GOAL OF THE EXERCISE: Your response should contain exactly the lines running from the one with "תמונה מספר 5" to the end of the data below, both included, and no pictures.

DATASET EXCERPTS:

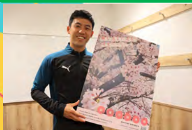
戸塚区出身プロサッカー選手 遠藤 航 選手

戸塚は自分が生まれ育った場所で、自分のサッカーの原点です。当時のチームメイトは今でも付き合いがあり、一生ものの仲間ですし、キャリアにおいて大事なパートナーである代理人とも出会った思い出がたくさん詰まった場所です。
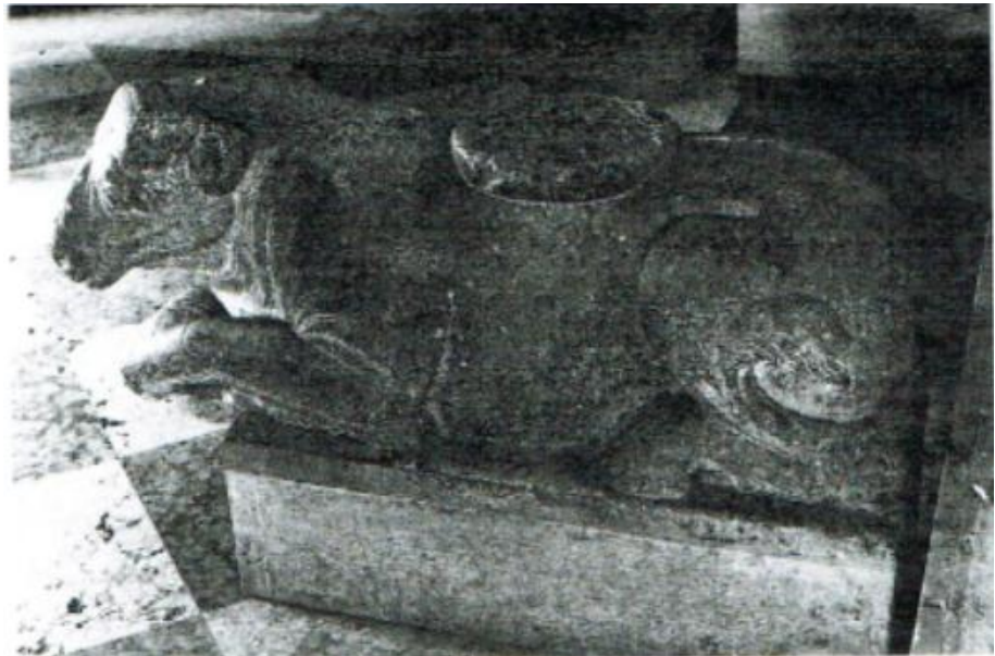
תמונה מספר 5
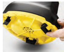
Sistema de plegado de pestañas de soporte
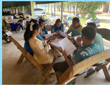
ดำเนินการประชุมกลุ่ม PLC
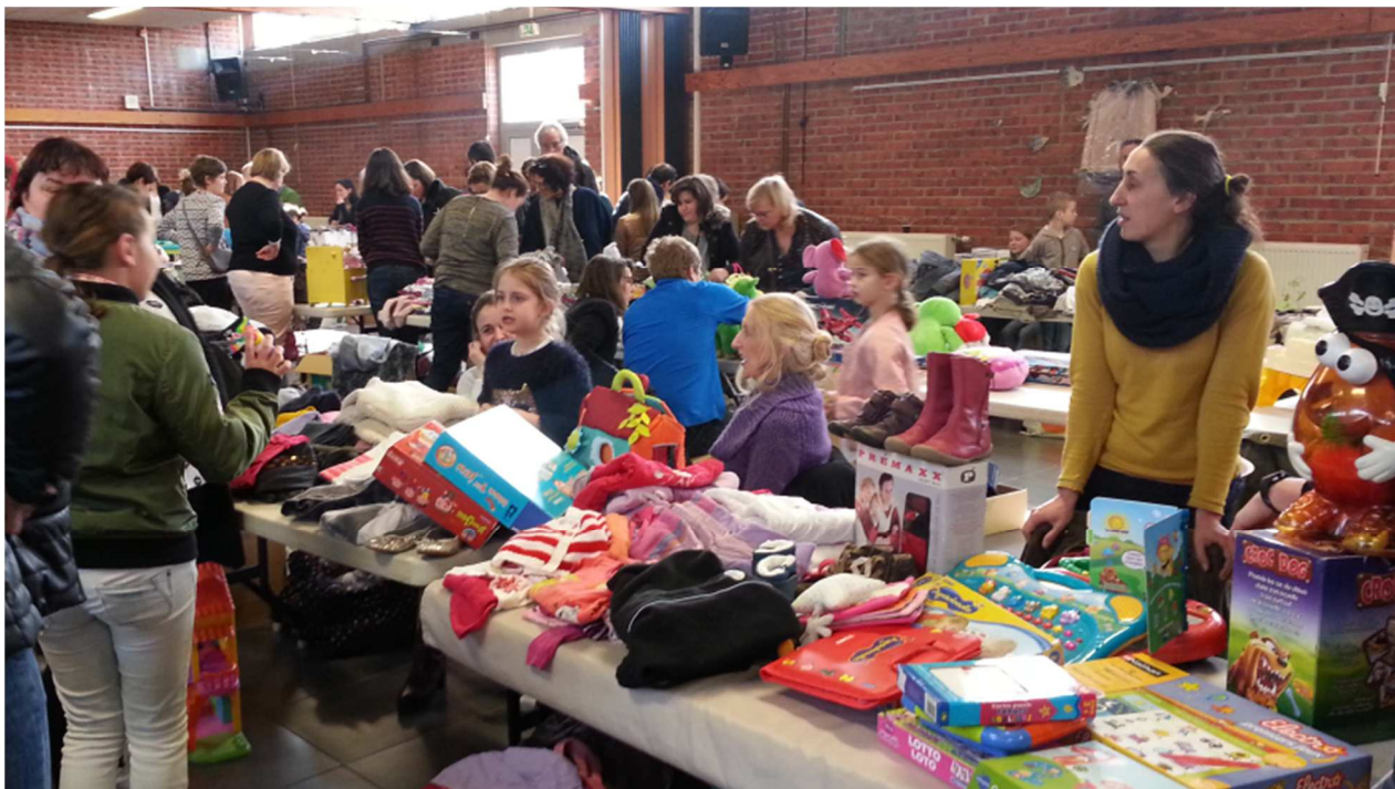
Braderie de l'école Pasteur

RESPONSE BOX:
תמונה מספר 5
Sistema de plegado de pestañas de soporte
ดำเนินการประชุมกลุ่ม PLC
Braderie de l'école Pasteur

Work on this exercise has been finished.